Financial autonomy for regulators to stay, says Govt


The Bill — Securities & Insurance Laws (Amendment) & Validation, Bill 2010 – finally received the seal of approval by Parliament after the Rajya Sabha cleared the legislation with Finance Minister Pranab Mukherjee asserting that the government would not dilute autonomy of any of the financial regulators.  The bill, which also sought to replace the ordinance of June 18 which had brought within jurisdiction of Irda the power to regulate “life insurance business” that may include hybrid insurance products like Unit Linked Insurance Policy (Ulip), was earlier approved by the Lok Sabha by voice vote.

Intervention on failure

Mukherjee said the proposed joint committee headed by himself would interfere only when the regulators fail to settle the disputes bilaterally.
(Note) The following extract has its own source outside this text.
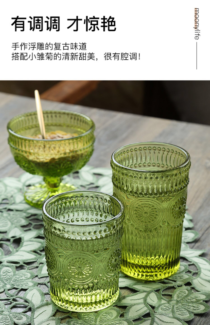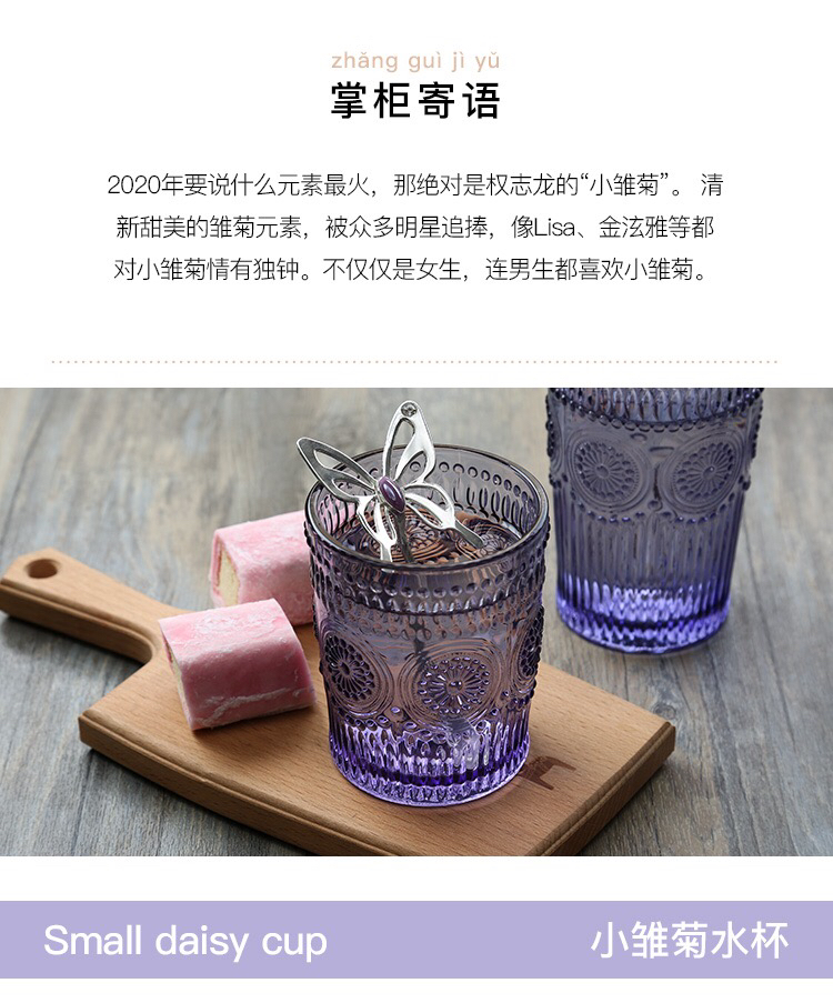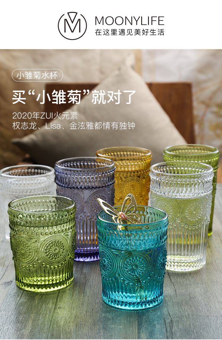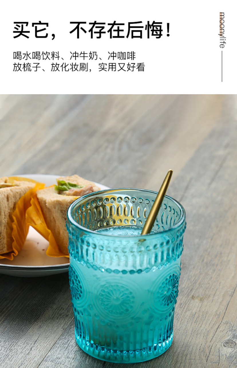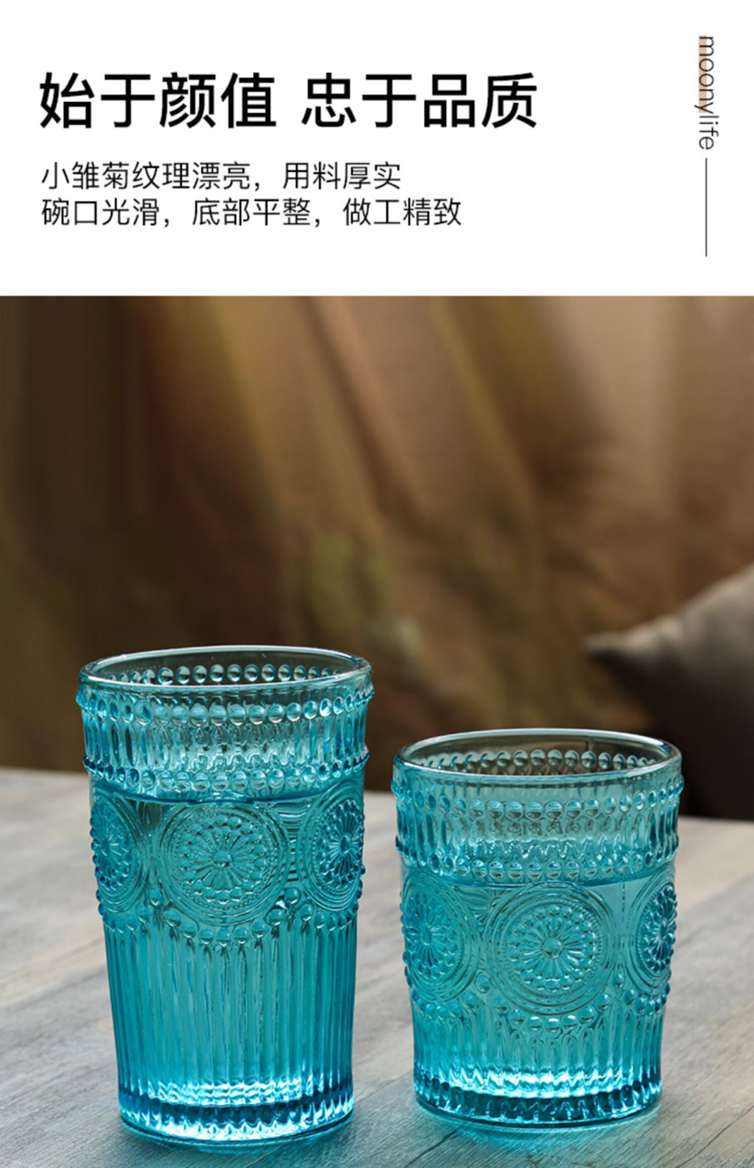小雏菊玻璃杯 浮雕水杯蓝色水晶太阳花杯子ins风酒杯果汁杯牛奶杯

“Disputes among regulators are not good for financial market. It is not good for the economy. There has to be some mechanism to address it,” he said. While asserting that the proposed joint mechanism would not be a “super regulator” he also clarified that the setting up of the joint panel would not interfere with the Reserve Bank’s monetary policy functioning.

He said the bill had addressed the concerns of  Governor of the Reserve Bank of India, who had expressed discomfort at the formation of any such body, apprehending interference with the apex bank’s monetary policy functioning.

“In no way we will interfere with the monetary authority of the RBI,” Mukherjee assured the Upper House.